The Cox regression model was performed using raw mortality and tumor-specific mortality. The time of overall survival was expressed in months, and the independent variables (KRAS, NRAS, all-RAS, BRAF, RAS-BRAF, PIK3CA, all genes, pT, pN, M) were stratified in age groups: 32–45 (N = 60), 46–64 (N = 440), and 65–98 (N = 491). Evaluation of the impact of all independent variables on prognosis was calculated regardless the type of treatment (EGFR inhibition or others) administered to patients. Kaplan–Meier estimates were executed through stratification by mutation data. The above-mentioned variables (mutational status, survivals, pT, pN, M) were included in a logistic regression for multivariate analysis by Pearson’s Chi Square test.
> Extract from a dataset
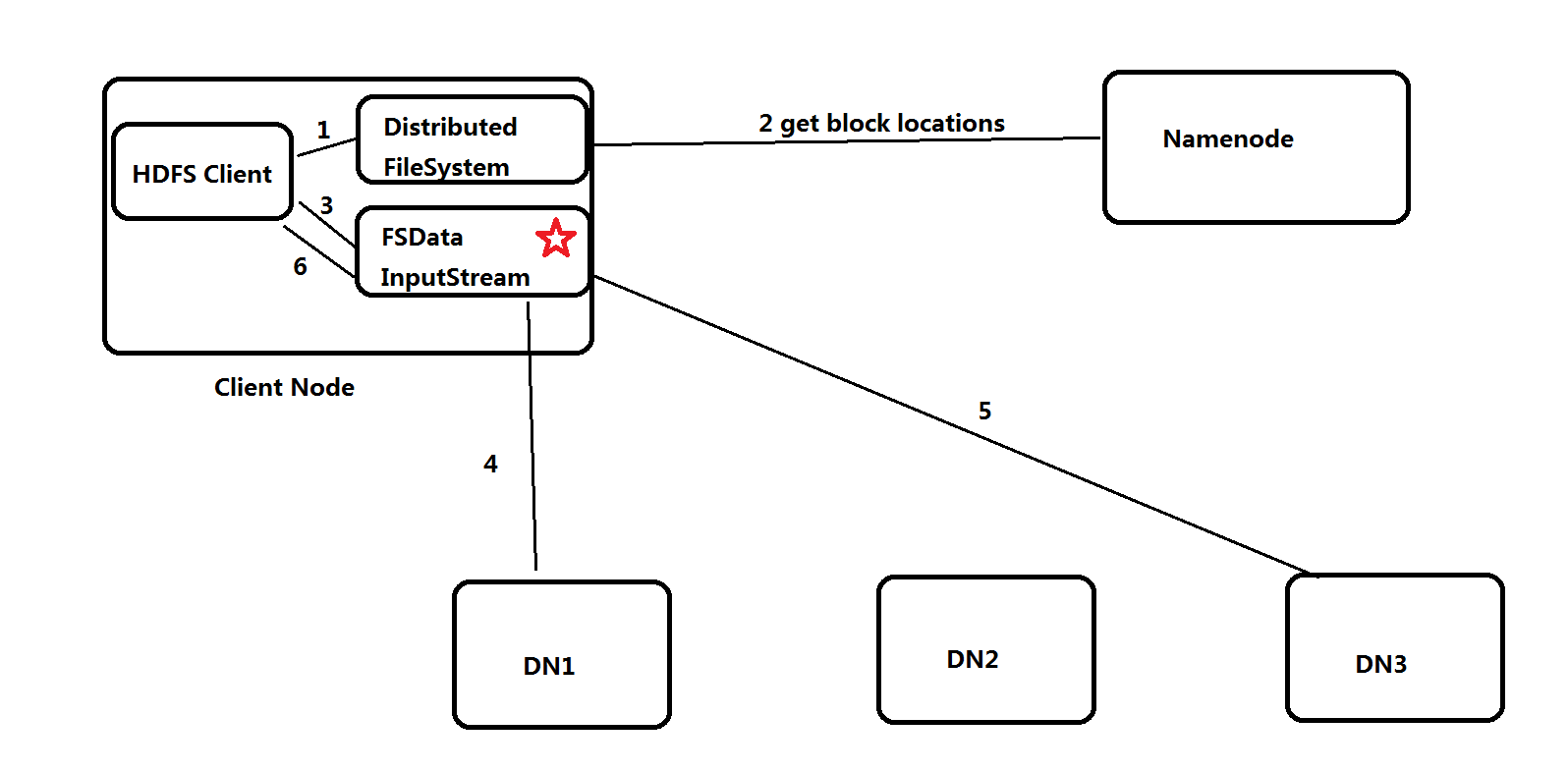(感觉就是连续的数据流,对于客户端操作是透明无感知的) - Client调用FSDataInputStream.close()方法,关闭输入流。

The exact coefficient for sample proportion analysis was performed to determine whether there was any significant difference (below 0.05 level) between considering a mutated gene alone and considering mutations in multiple genes. All analyses were performed using the statistical package SPSS/7.5 per Windows.

Genomic DNA from primary tumour tissues of 1284 consecutively-collected patients with metastatic colorectal carcinoma (mCRC), originating from different geographical areas within Sardinia island, was screened for somatic mutations in KRAS, NRAS, BRAF, and PIK3CA genes. As reported in Table 1, the most frequent anatomical site and degree of differentiation of the primary tumour were the left colon (516; 40 %) and the moderately differentiated grade (1041; 81 %), respectively. The median age was 64 years (range, 32-88 years), with a preponderance of males (772; 60 %) (Table 1). At the time of diagnosis, minority of patients presented with localized disease (AJCC stage II: 286; 22 %) (Table 1).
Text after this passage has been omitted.